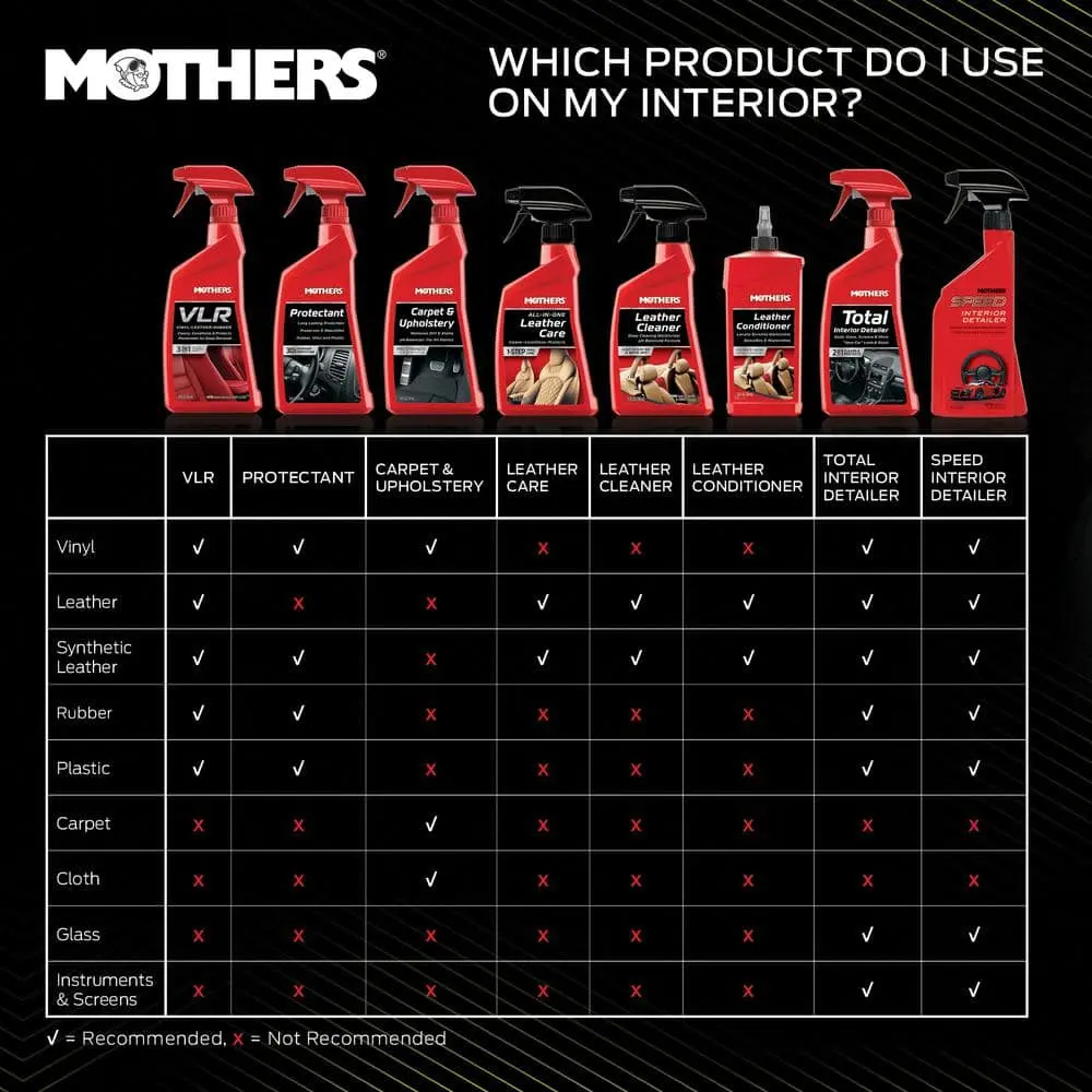 Mothers Speed Interior Detailer makes it effortless to keep your car looking and smelling like new. With just a spray and wipe, this ammonia-free formula uses micro-emulsifying agents and biodegradable surfactants to swiftly break down dirt, oily films, and fingerprints. It leaves your interior surfaces clean and protected, without any greasy residue or streaks. Designed for easy use on a variety of surfaces inside your car, Speed Interior Detailer is ideal for everyday cleaning.
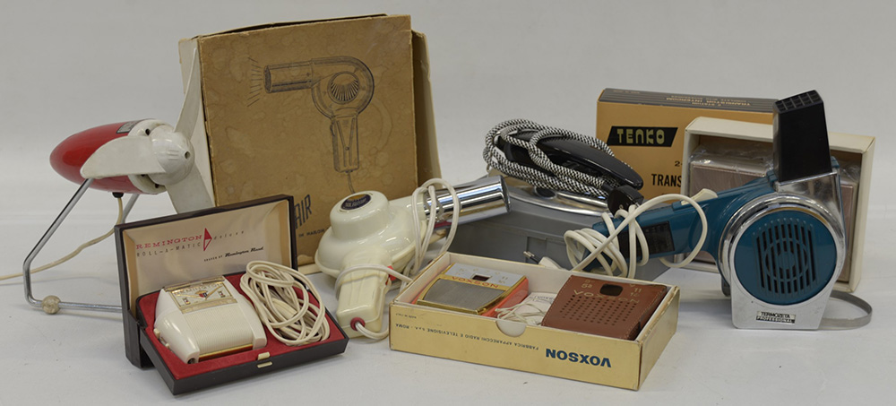 Lotto composto da due asciugacapelli, un piccolo ventilatore da tavolo, un ferro da stiro portatile, un rasoi elettrico, una radiolina e due casse portatili alcune in custodie originali, prima metà sec XX (difetti)
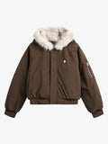 Retro Kürklü Kapüşonlu Fleece Bomber Ceket
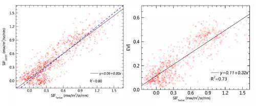 此外,为了定量评价TanSat卫星叶绿素荧光产品在植被生长状况和生产力监测方面的应用潜力,科研人员将TanSat卫星叶绿素荧光产品与OCO-2卫星产品和MODISEVI植被指数产品进行了统计对比分析。定量对比结果表明,我国TanSat卫星叶绿素荧光与OCO-2卫星叶绿素荧光、MODISEVI植被指数产品存在非常一致的正相关关系,可用来监测全球植被生长状况和植被生产力。
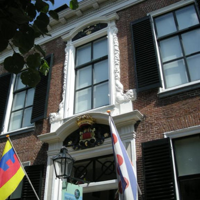 Stadhuis. Drie traveeën breed huis, met volledige verdieping, onder dwarsdak tussen topgevels met topschoorstenen waarop bord; achterbouw onder zadeldak, 1759. Midden ingangspartij rijk versierd. Inwendig stucplafond in gang, trappenhuis en raadzaal.

◆ **Task to carry out**: Repeat every record above exactly, but drop the pictures.

◆ **Expected answer**:
 Mothers Speed Interior Detailer makes it effortless to keep your car looking and smelling like new. With just a spray and wipe, this ammonia-free formula uses micro-emulsifying agents and biodegradable surfactants to swiftly break down dirt, oily films, and fingerprints. It leaves your interior surfaces clean and protected, without any greasy residue or streaks. Designed for easy use on a variety of surfaces inside your car, Speed Interior Detailer is ideal for everyday cleaning.
 Lotto composto da due asciugacapelli, un piccolo ventilatore da tavolo, un ferro da stiro portatile, un rasoi elettrico, una radiolina e due casse portatili alcune in custodie originali, prima metà sec XX (difetti)
 Retro Kürklü Kapüşonlu Fleece Bomber Ceket
 此外,为了定量评价TanSat卫星叶绿素荧光产品在植被生长状况和生产力监测方面的应用潜力,科研人员将TanSat卫星叶绿素荧光产品与OCO-2卫星产品和MODISEVI植被指数产品进行了统计对比分析。定量对比结果表明,我国TanSat卫星叶绿素荧光与OCO-2卫星叶绿素荧光、MODISEVI植被指数产品存在非常一致的正相关关系,可用来监测全球植被生长状况和植被生产力。
 Stadhuis. Drie traveeën breed huis, met volledige verdieping, onder dwarsdak tussen topgevels met topschoorstenen waarop bord; achterbouw onder zadeldak, 1759. Midden ingangspartij rijk versierd. Inwendig stucplafond in gang, trappenhuis en raadzaal.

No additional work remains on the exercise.